# Directions
Write out exactly, with both ends included, the lines that run from the line containing "Outside view of a Nerbridge™ conduit" to the end of the entries. Pictures are not part of the answer.

++++ Available records ++++

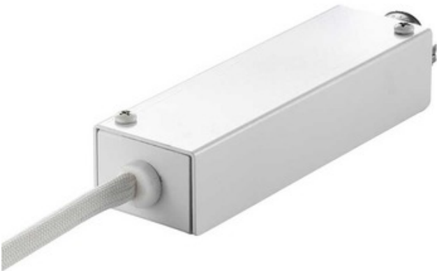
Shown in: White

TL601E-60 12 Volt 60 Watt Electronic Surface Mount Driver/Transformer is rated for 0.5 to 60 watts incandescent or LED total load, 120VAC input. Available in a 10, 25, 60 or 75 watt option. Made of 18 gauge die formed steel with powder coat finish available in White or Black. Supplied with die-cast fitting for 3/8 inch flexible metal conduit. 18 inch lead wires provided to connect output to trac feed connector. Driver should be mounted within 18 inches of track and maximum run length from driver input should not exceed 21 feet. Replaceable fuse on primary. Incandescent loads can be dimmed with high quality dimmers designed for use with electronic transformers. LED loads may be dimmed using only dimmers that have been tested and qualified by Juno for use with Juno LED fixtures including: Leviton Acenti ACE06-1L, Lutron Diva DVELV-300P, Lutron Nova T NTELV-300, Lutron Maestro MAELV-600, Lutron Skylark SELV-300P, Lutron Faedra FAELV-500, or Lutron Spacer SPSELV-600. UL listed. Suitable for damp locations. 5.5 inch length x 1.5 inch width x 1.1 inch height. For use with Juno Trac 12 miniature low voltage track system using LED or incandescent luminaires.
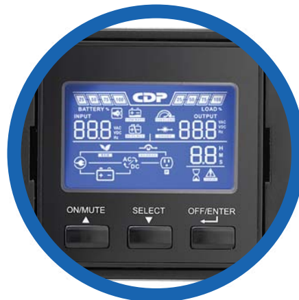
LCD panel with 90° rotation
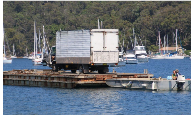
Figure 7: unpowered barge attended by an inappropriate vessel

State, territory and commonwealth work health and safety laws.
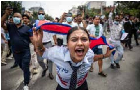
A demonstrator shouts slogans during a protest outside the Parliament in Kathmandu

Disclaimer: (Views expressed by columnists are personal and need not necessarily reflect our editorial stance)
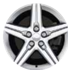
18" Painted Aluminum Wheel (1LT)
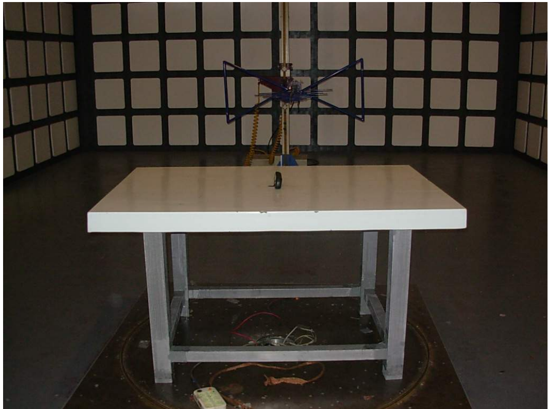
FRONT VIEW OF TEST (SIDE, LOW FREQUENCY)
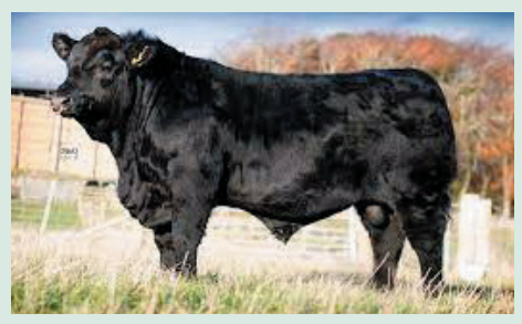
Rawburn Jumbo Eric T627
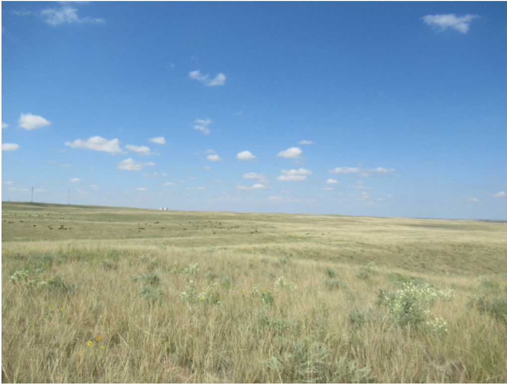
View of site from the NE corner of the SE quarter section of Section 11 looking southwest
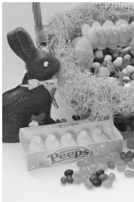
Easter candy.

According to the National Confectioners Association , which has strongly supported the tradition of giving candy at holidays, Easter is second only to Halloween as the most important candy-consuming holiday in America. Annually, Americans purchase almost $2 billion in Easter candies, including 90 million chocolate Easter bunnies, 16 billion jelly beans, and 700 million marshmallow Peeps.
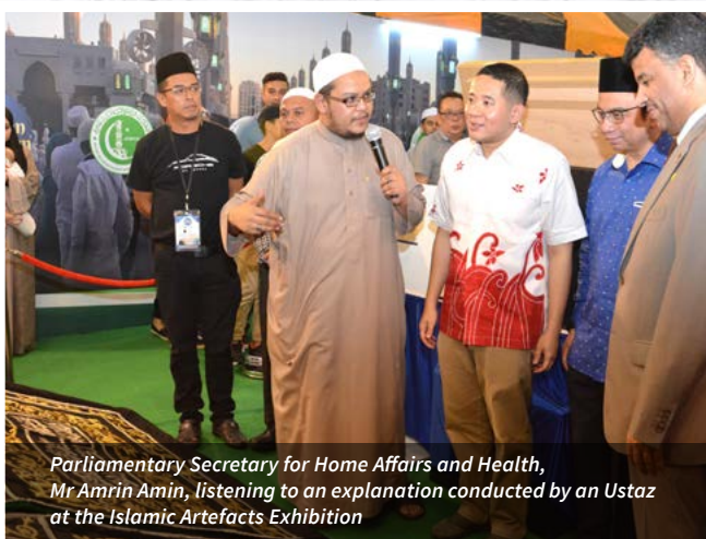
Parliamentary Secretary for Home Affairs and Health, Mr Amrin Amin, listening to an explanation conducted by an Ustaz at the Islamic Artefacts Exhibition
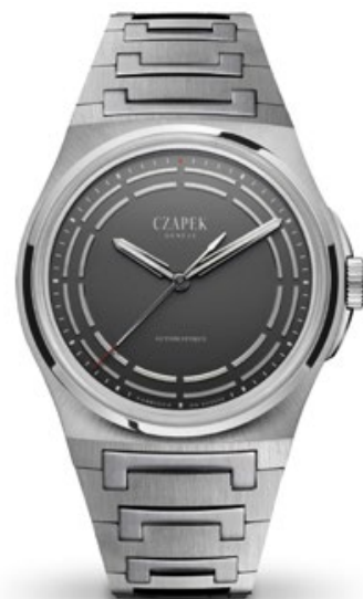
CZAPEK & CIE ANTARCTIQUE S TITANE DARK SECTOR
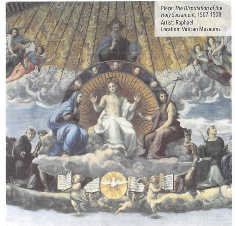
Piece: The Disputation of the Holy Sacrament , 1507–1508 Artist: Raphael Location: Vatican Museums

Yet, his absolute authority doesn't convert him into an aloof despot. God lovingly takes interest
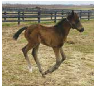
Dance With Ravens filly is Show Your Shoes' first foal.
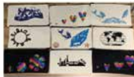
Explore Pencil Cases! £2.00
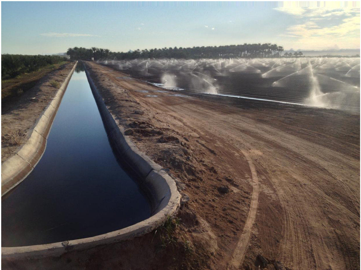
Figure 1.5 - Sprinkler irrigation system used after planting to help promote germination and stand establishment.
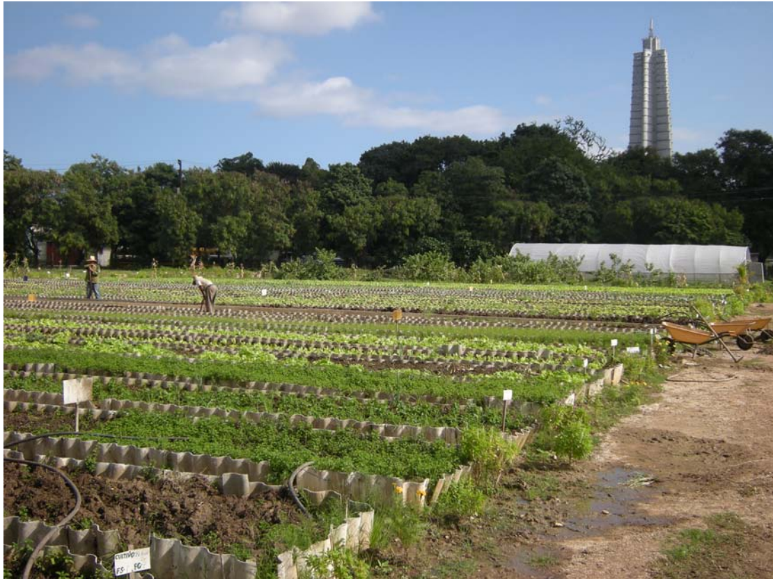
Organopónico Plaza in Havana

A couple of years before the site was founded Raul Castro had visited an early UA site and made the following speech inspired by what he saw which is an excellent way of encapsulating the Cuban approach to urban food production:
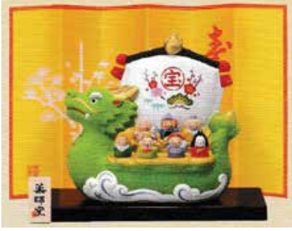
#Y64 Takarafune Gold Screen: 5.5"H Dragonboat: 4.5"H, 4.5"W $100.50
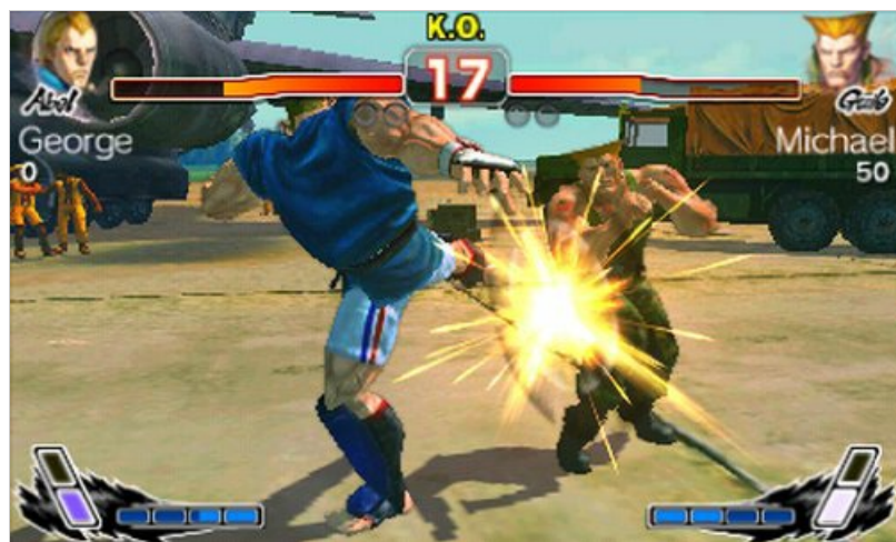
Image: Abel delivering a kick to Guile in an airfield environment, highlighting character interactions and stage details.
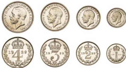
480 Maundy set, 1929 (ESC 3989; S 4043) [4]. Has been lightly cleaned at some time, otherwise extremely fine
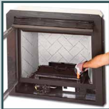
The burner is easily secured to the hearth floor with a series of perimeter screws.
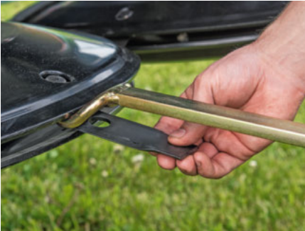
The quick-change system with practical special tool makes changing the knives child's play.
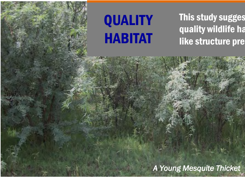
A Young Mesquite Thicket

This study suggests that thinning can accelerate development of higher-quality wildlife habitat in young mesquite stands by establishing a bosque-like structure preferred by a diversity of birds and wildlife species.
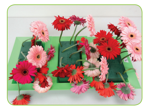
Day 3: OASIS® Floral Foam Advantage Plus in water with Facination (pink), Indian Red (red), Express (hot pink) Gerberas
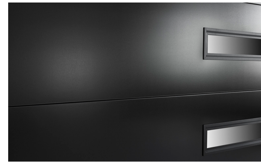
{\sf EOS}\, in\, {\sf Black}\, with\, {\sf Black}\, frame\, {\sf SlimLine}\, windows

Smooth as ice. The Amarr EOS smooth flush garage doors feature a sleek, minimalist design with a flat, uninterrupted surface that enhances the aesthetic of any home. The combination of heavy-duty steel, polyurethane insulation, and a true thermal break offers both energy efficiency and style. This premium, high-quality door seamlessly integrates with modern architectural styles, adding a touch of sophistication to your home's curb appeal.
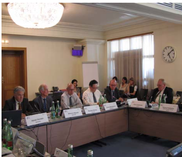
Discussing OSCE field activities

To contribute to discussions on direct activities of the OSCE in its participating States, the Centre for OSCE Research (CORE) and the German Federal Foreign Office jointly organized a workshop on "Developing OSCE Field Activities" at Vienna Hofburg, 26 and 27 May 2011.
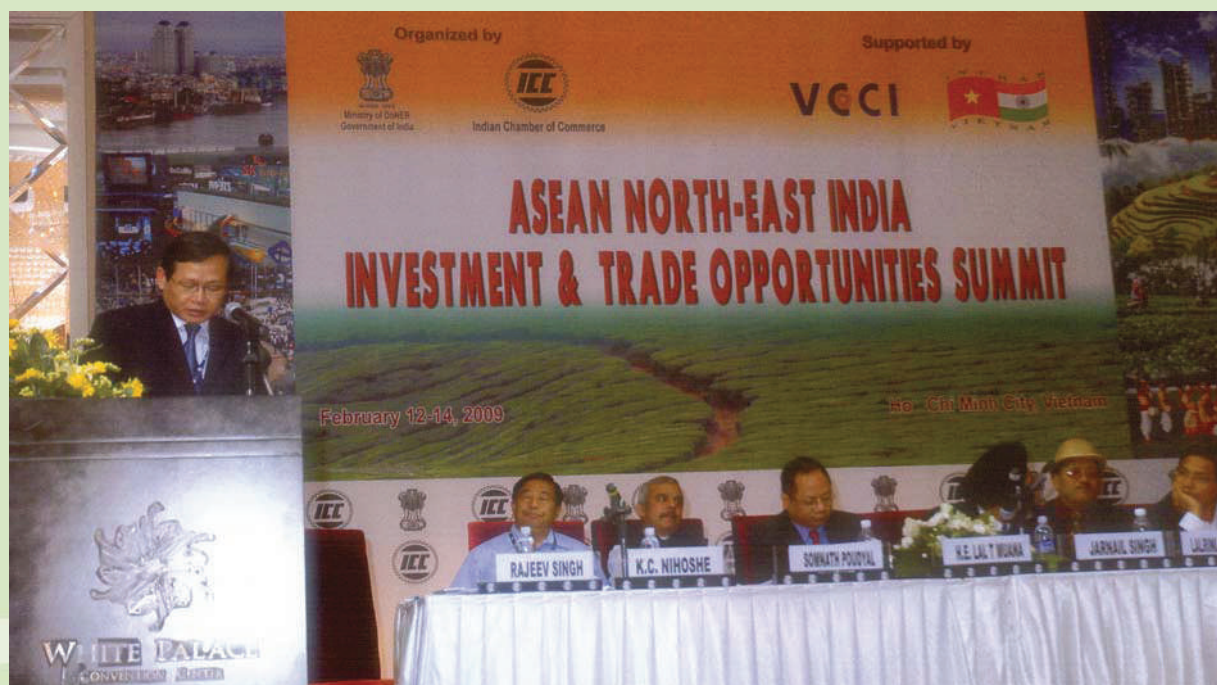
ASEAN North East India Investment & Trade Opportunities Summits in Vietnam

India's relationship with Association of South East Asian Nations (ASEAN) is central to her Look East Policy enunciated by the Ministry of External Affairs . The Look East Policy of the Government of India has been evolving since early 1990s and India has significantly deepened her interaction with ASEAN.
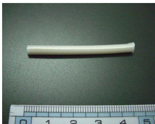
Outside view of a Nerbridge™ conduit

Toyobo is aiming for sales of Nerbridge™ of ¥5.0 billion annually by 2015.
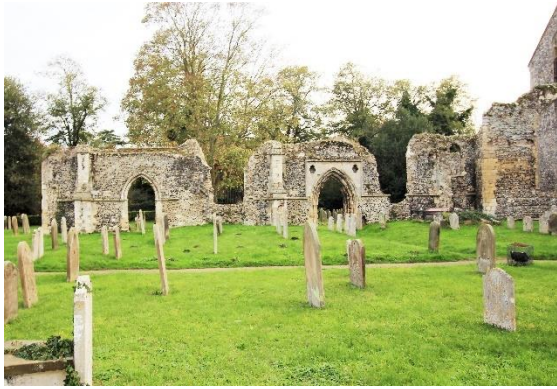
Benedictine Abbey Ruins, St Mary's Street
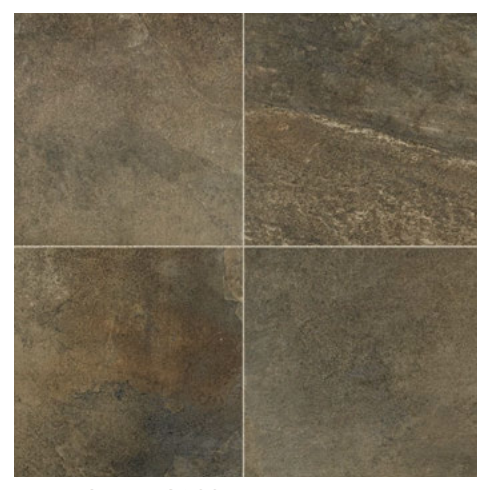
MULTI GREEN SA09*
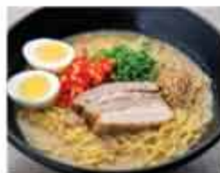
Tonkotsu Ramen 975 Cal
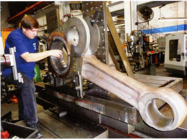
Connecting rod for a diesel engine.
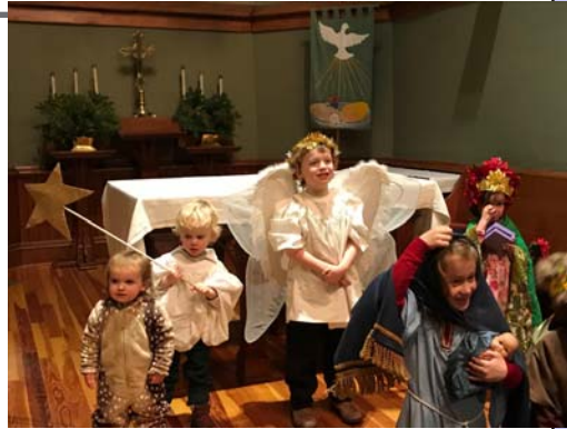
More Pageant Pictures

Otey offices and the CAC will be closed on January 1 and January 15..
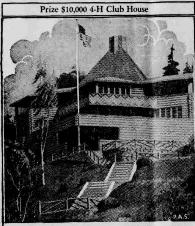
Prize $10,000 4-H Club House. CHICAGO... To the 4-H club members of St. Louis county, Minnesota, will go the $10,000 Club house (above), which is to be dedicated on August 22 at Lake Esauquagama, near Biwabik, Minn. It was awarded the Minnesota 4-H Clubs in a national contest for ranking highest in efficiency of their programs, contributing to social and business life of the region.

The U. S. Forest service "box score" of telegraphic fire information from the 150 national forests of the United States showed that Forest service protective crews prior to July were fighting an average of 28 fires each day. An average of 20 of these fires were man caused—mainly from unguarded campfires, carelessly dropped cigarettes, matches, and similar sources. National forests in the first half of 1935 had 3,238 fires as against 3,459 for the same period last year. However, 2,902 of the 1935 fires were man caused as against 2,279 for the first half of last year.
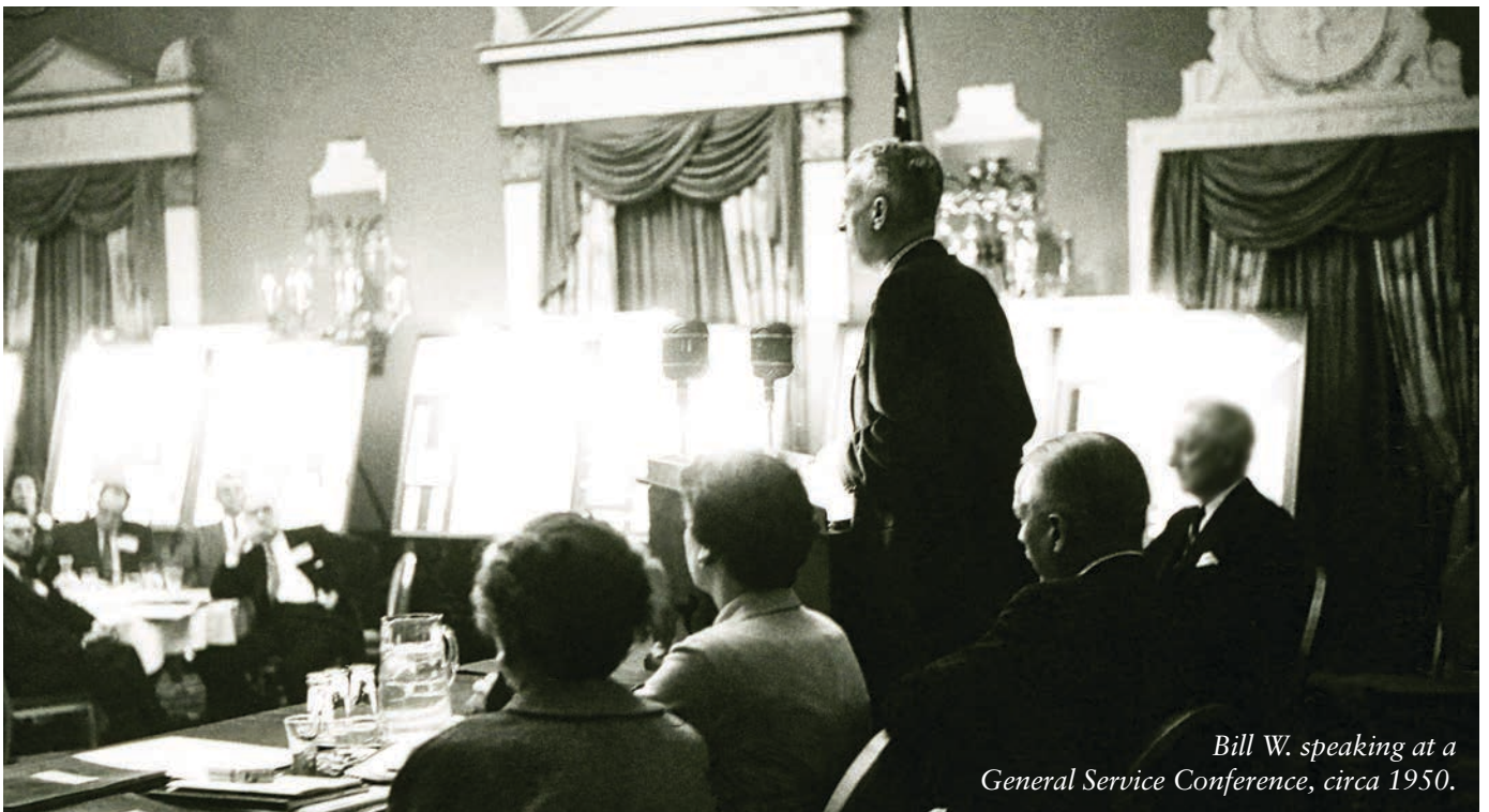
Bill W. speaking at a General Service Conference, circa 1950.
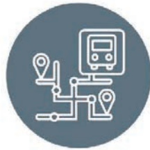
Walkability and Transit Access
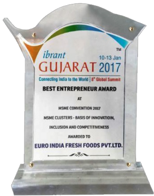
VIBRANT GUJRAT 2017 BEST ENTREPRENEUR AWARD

++++

# Result
Outside view of a Nerbridge™ conduit

Toyobo is aiming for sales of Nerbridge™ of ¥5.0 billion annually by 2015.
Benedictine Abbey Ruins, St Mary's Street
MULTI GREEN SA09*
Tonkotsu Ramen 975 Cal
Connecting rod for a diesel engine.
More Pageant Pictures

Otey offices and the CAC will be closed on January 1 and January 15..
Prize $10,000 4-H Club House. CHICAGO... To the 4-H club members of St. Louis county, Minnesota, will go the $10,000 Club house (above), which is to be dedicated on August 22 at Lake Esauquagama, near Biwabik, Minn. It was awarded the Minnesota 4-H Clubs in a national contest for ranking highest in efficiency of their programs, contributing to social and business life of the region.

The U. S. Forest service "box score" of telegraphic fire information from the 150 national forests of the United States showed that Forest service protective crews prior to July were fighting an average of 28 fires each day. An average of 20 of these fires were man caused—mainly from unguarded campfires, carelessly dropped cigarettes, matches, and similar sources. National forests in the first half of 1935 had 3,238 fires as against 3,459 for the same period last year. However, 2,902 of the 1935 fires were man caused as against 2,279 for the first half of last year.
Bill W. speaking at a General Service Conference, circa 1950.
Walkability and Transit Access
VIBRANT GUJRAT 2017 BEST ENTREPRENEUR AWARD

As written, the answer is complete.